PROBLEM STATEMENT:
Once you find the line with "1000 pillar temple" in the entries below, print it and each line after it up to and including the line with "Nipper Relays races are great", exactly, without pictures.

TASK INPUT:
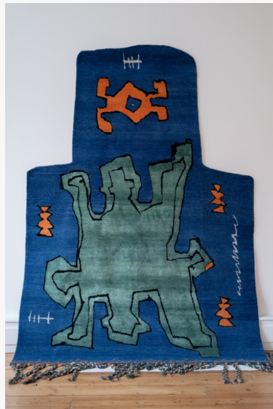
Khorjin Panel II (Varanasi Edition)
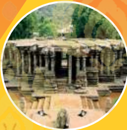
1000 pillar temple
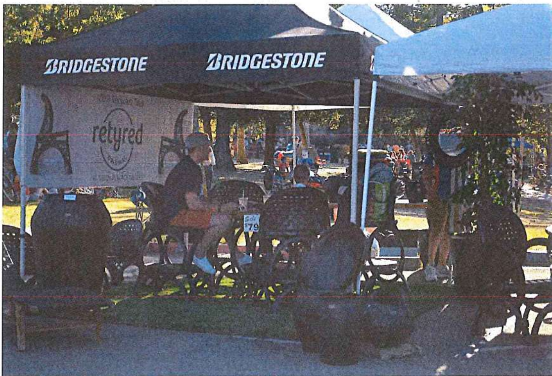
Major Sponsor Skip's Tires showcasing recycled tires as furniture under the trade name "ReTyred"

After a short breather, we'll quickly be back to planning the 5th Annual July 4th Family Fun Festival & Fireworks Show . We look forward to seeing you again next year!
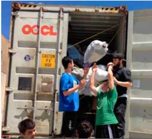
Loading donations at our warehouse in USA

Alhamdulillah, since 1999, Hidaya has sent over 200 forty ft. containers to benefit hundreds of thousands of people, mostly in Pakistan.
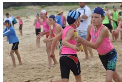
Nipper Relays races are great

A central sandbank flanked by two active rips and a strong current on approach to the swim string kept the swimmers and board riders working hard for the places. A consistent wave over the bank on the mornings rising tide meant some last-minute shuffling of the order of events to allow the battle of the strongest first before the younger guns tackled the swim buoys once the tide changed. Some awesome waves and sets meant glory for some of the paddlers, and sore arms for the others if they missed the set on the way in. The sand events of flags and sprints finished the day after the water events of the morning. Broulee and Canberra Nippers were well represented across all disciplines with 105 competitors competing amongst the age groups.
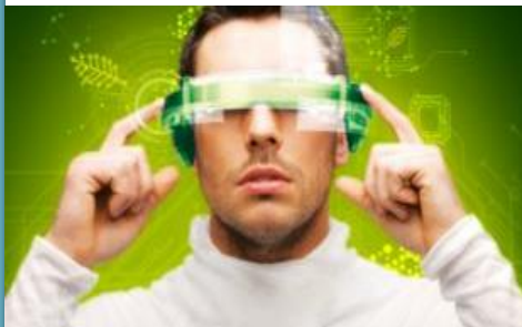
Grenoble INP - Pagora, UGA Paper, print Media & Biomaterials 造纸、印刷与生物材料学院
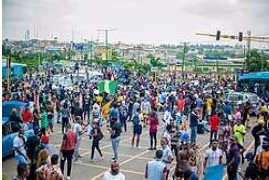
Figure 6. End SARS

https://en.wikipedia.org/wiki/Black_Lives_Matter
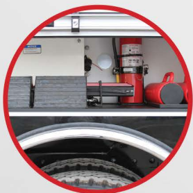
POWER DISTRIBUTION CENTER
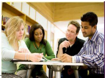
Left: Some graduate students currently enrolled in the college.

Career Opportunities. Graduates of the program may continue with doctoral studies, pursue teaching careers in post-secondary education, or work in leadership and managerial roles in the hospitality and tourism industry.
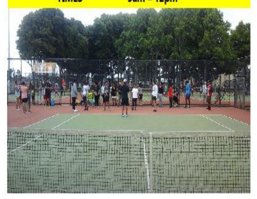
JUNIOR COACHING PROGRAMMES STARTING TUESDAY 10 SEPTEMBER

SATURDAY 7<sup>th</sup> Sep SUNDAY 8<sup>th</sup> Sep TIMES 9am – 12pm
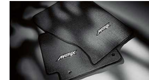
Carpet Floor Mats (5pc. set) $200 Installed MSRP*
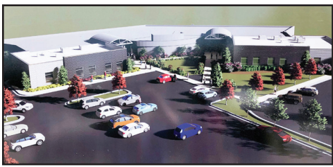
NCSO breaks ground on Alcovy expansion | See A2
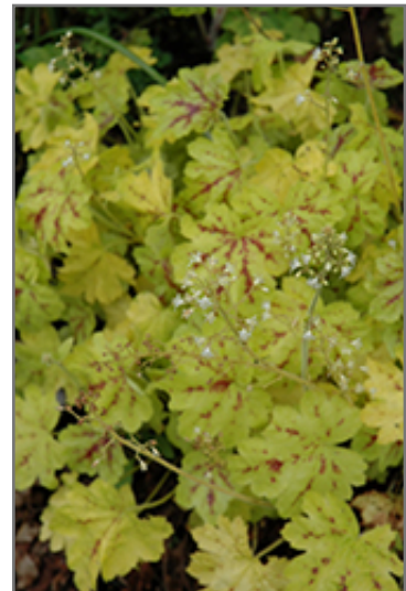
Solar Power Foamy Bells flowers
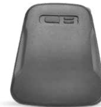
Tank Pad 01755K0Z910
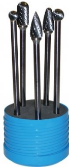
B905 Carbide Burr Double Cut Set - Long Series
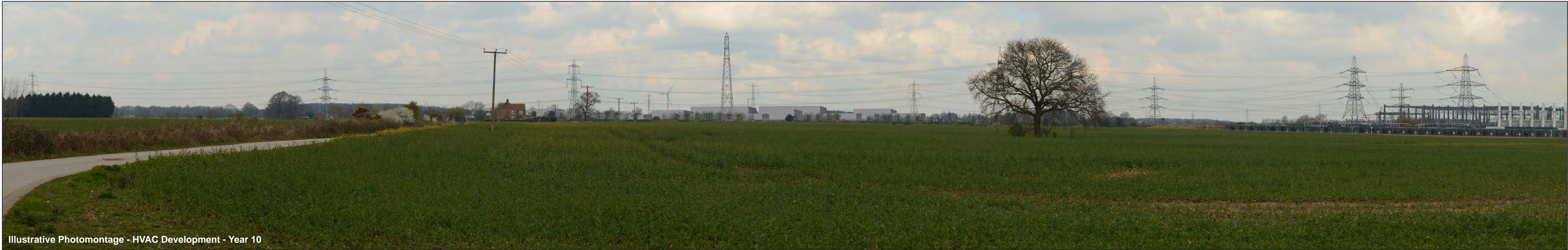
Illustrative Photomontage - HVAC Development - Year 10
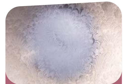
Privacy Level 5
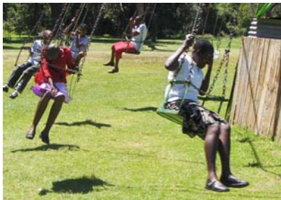
Girls take a ride on the swings

We went to Bantu lodge, and all the girls and staff got to participate in activities at the site. There was a choice between horse back riding, a boat ride, or an electrical merry go round! It was a difficult decision for all of us to pick which of the three we wanted to try!
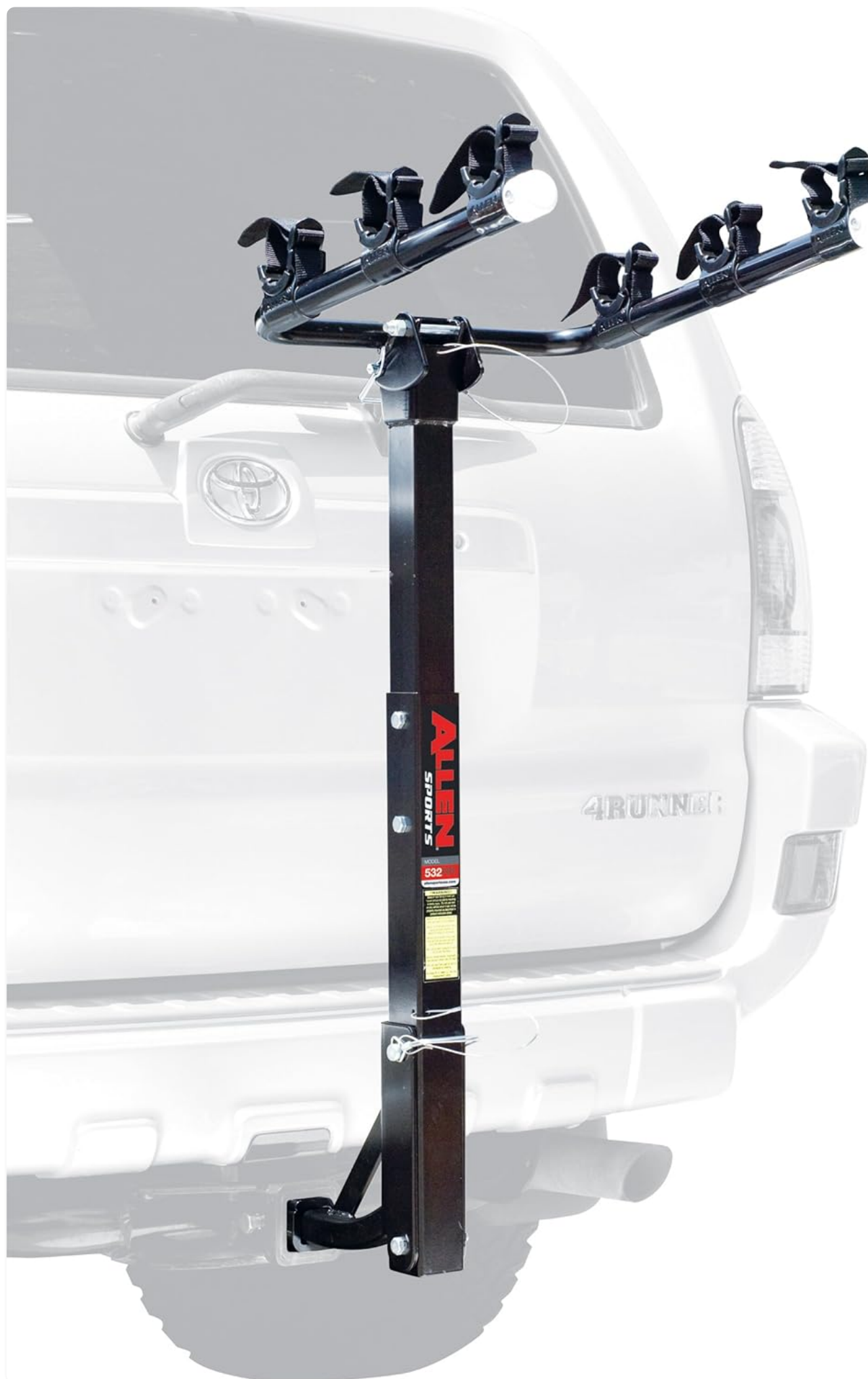
Image: The Allen Deluxe 3-Bike Hitch Mount Rack securely installed on the rear of an SUV, demonstrating its upright position.

RESPONSE:
1000 pillar temple
Major Sponsor Skip's Tires showcasing recycled tires as furniture under the trade name "ReTyred"

After a short breather, we'll quickly be back to planning the 5th Annual July 4th Family Fun Festival & Fireworks Show . We look forward to seeing you again next year!
Loading donations at our warehouse in USA

Alhamdulillah, since 1999, Hidaya has sent over 200 forty ft. containers to benefit hundreds of thousands of people, mostly in Pakistan.
Nipper Relays races are great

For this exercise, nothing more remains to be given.